William Willsher

Personal information
- Born: 1814 Rolvenden, Kent
- Died: 30 November 1861 (aged 46–47) Barming Heath Asylum, Kent
- Relations: Ned Willsher (brother)

Domestic team information
- 1847: Kent
- Only FC: 15 July 1847 Kent v Surrey
- Source: CricInfo, 24 October 2023

= William Willsher =

English cricketer

William Willsher (1814 – 30 November 1861) was an English cricketer who played a single first-class match for Kent County Cricket Club in 1847.

Willsher was born at Rolvenden in Kent in 1814 and baptised in the village on 12 October. He was the sixth child of 14 in the family of John and Charlotte (née Winser) Willsher. His father famed at Little Halden Farm in the parish before moving to become the landlord of The Chequers public house at Goudhurst. Following his father's death in 1843, William Willsher moved with his mother to Madginford at Maidstone where he worked as a farm bailiff before becoming a publican himself, running The George Inn at Gabriel's Hill near Mote Park in the same town.

Willsher played club cricket for a number of village clubs around Rolvenden and Maidstone, and developed a reputation as a batsman. His only first-class match was an 1847 fixture against Surrey, one of two first-class matches played on the Preston Hall Ground at Aylesford near Maidstone. In a strong Kent team featuring Fuller and William Pilch, Alfred and Walter Mynn, William Hillyer and William Dorrington, Willsher was relegated to batting last where he recorded two ducks. He did not bowl, with Hillyer and Alfred Mynn bowing unchanged in each Surrey innings, but did take a catch.

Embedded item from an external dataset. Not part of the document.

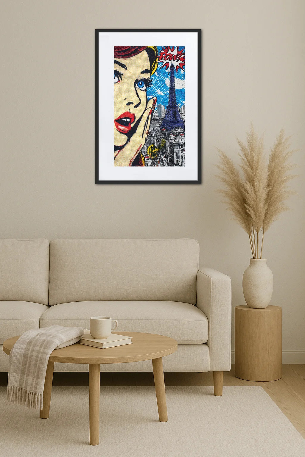 Cette œuvre singulière réinvente la capitale française à travers le regard d’une héroïne pop, dont le visage expressif incarne un mélange subtil d’émerveillement et de surprise. À travers un jeu de contrastes puissants et de motifs emblématiques, le tableau évoque une rencontre entre la culture populaire et l’élégance intemporelle de Paris. La silhouette majestueuse de la Tour Eiffel se dresse au cœur d’un ciel éclaté, rappelant l’énergie bouillonnante d’une métropole qui ne dort jamais. Chaque détail, des traits délibérément stylisés aux éclats de bulles graphiques, raconte une histoire de dynamisme et de modernité, tout en rendant hommage à l’héritage artistique qui a façonné la ville. L’œuvre invite à une promenade visuelle où passé et présent fusionnent, où la mémoire collective s’anime au rythme d’un souffle nouveau. Cette composition vibrante, presque cinématographique, est une célébration de la vie citadine, où chaque regard posé sur le tableau devient une invitation à rêver, à ressentir et à s’immerger dans une atmosphère où l’art devient langage universel.

Willsher is known to have been at The George as late as 1858 and playing cricket in 1859. He died at Barming Heath Asylum in 1861, the cause of death given as "dementia, general paralysis and epilepsy". One of his brothers, Ned Willsher, played for Kent between 1850 and 1875 and made over 250 first-class appearances in total. He was considered one of the best bowlers of his era and one of Kent's best cricketers of the 19th century.

==Bibliography==
- Carlaw, Derek (2020). "Kent County Cricketers, A to Z: Part One (1806–1914)"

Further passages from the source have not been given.